Led by guitarists/songwriters Stu McGill and Cameron Nicholas, Silent Knight have turned in an extraordinary debut effort that should be a blind purchase for aficionados of crunchy, melodic, riffy, mostly uptempo power/heavy metal. The most obvious signpost band is Iced Earth, and not just because McGill is wearing a ‘Night of the stormrider’ shirt in the booklet photos. Some of those galloping guitar parts are straight from the John Schaffer school of riff construction. But it would be misleading to lump Silent Knight in with the Iced Earth clones, because the Perthians (Perthites? Perthers? Perthetariats? Perthaholics?) have a more evolved sound that owes generally to the U.S. traditional/power style, but doesn’t sound exactly like anyone else. A big factor in that regard is vocalist Zoran Cunjack, who possesses a regal tone that reminds me of a cross between the late Michael Grant (Crescent Shield/Onward/Legend Maker) and Scott Stewart (Division). I’ll be honest: Initially, I thought Cunjack’s clear, high, but somewhat strained delivery didn’t fit Silent Knight’s music. By the 3rd spin of the CD, however, I couldn’t imagine anyone else fronting this band. Not everyone will love him, but the fact is that Zoran Cunjack adds character, depth and a unique flair to Silent Knight.
At the end of the day, as always, it’s about the songs, stupid. Fortunately, Silent Knight have delivered a batch of memorable, well-written tunes. For me, fast, galloping songs such as “Masterplan”, “Silent apparitions (In the night)” and “Evil is thy name” leaped out of the speakers immediately and grabbed me by the scruff of the neck, via both their fist-banging riffs and their massive choruses. Over time, however, some of the more subtle tracks worked their way into my soul. The midtempo march of “Pay your dues” (complete with “Heaven can wait” style “woah woah” audience sing-a-long part in the middle) is a bona fide smasher. And CD closer “Dare to dream” is an inspiring 7-minute epic with uplifting lyrics, a quiet beginning, a soaring chorus, and an Iron Maiden-style frantic instrumental section.

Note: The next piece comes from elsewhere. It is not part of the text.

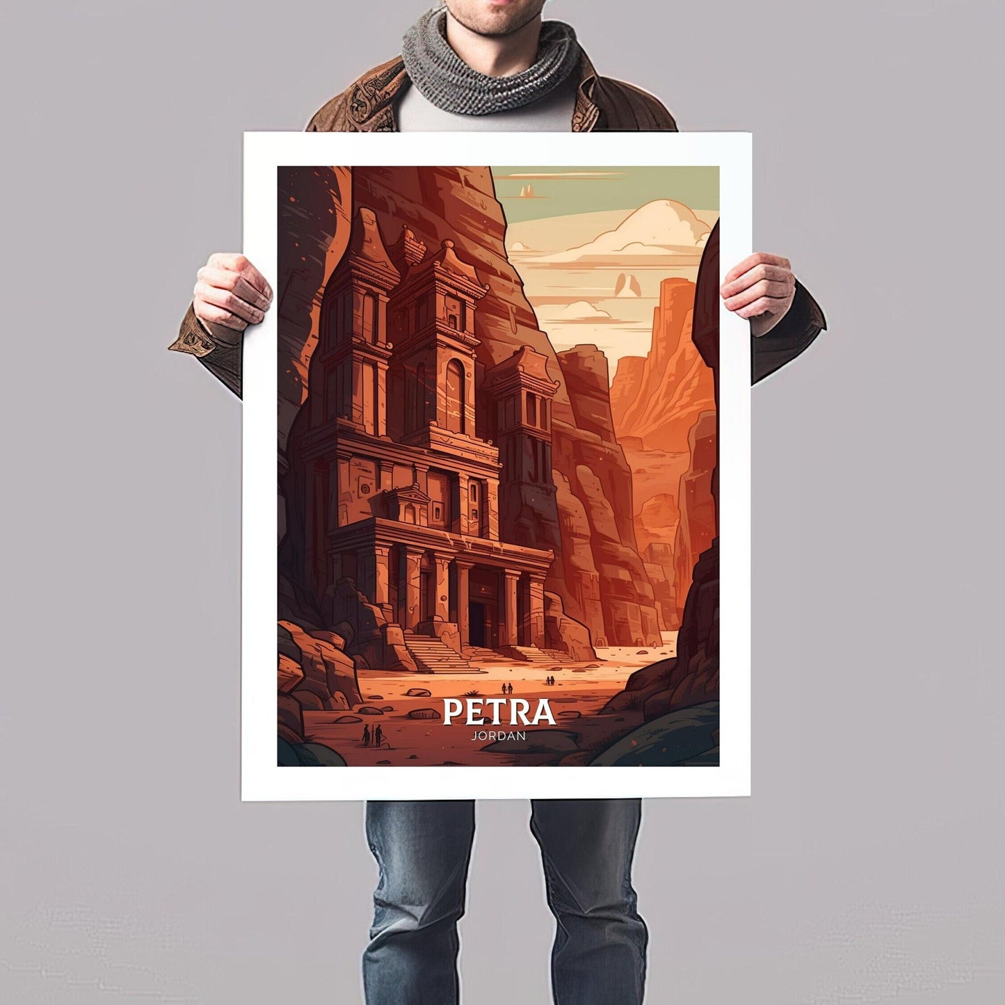Cette œuvre mêle des rouges chauds et des beiges sableux à l'essence majestueuse de Pétra, évoquant le charme d'un voyage vintage avec une touche de modernité. Imprimée sur un papier de qualité supérieure, elle offre un éclat durable et un fini lisse, ce qui en fait un cadeau idéal pour les aventuriers ou les collectionneurs d'art. Cette affiche de Pétra ajoute une touche de merveille archéologique à n'importe quel mur.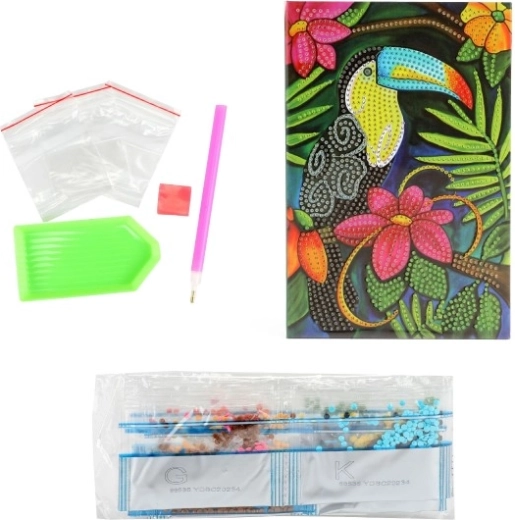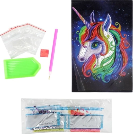 Tover je notitieboek om tot een uniek kunstwerk! Dit creatieve diamanten dagboek combineert een praktisch gelijnd notitieblok met leuk versieren met glinsterende steentjes. In de verpakking vind je alles wat je nodig hebt: diamanten steentjes, een speciale applicator, lijm en een sorteerbakje. Ideaal voor kinderen vanaf 5 jaar en volwassenen die houden van DIY, ontspannend knutselen en een uniek design.

Everything on ‘Masterplan’ is so well-executed that you’d never guess this is a self-released debut. The performances are confident and powerful. The sound job is professional, balanced and clear (my only quibble being that the vocals sometimes are a tad too far out front in the mix). The songwriting is stellar. Distribution of this CD may be spotty outside of Australia, but it’s worth the necessary legwork to track down a copy. (I know the French distro of Inferno Records had some copies, or check www.silentknightband.com.) Silent Knight have come up with a winner with ‘Masterplan’. If McGill and Nicholas can sharpen the material just a bit more (a couple of songs don’t quite live up the high standards set by the others) and perhaps tweak the vocals a little, Silent Knight may soon be making so much noise that metalheads around the world have no choice but to sit up and take notice.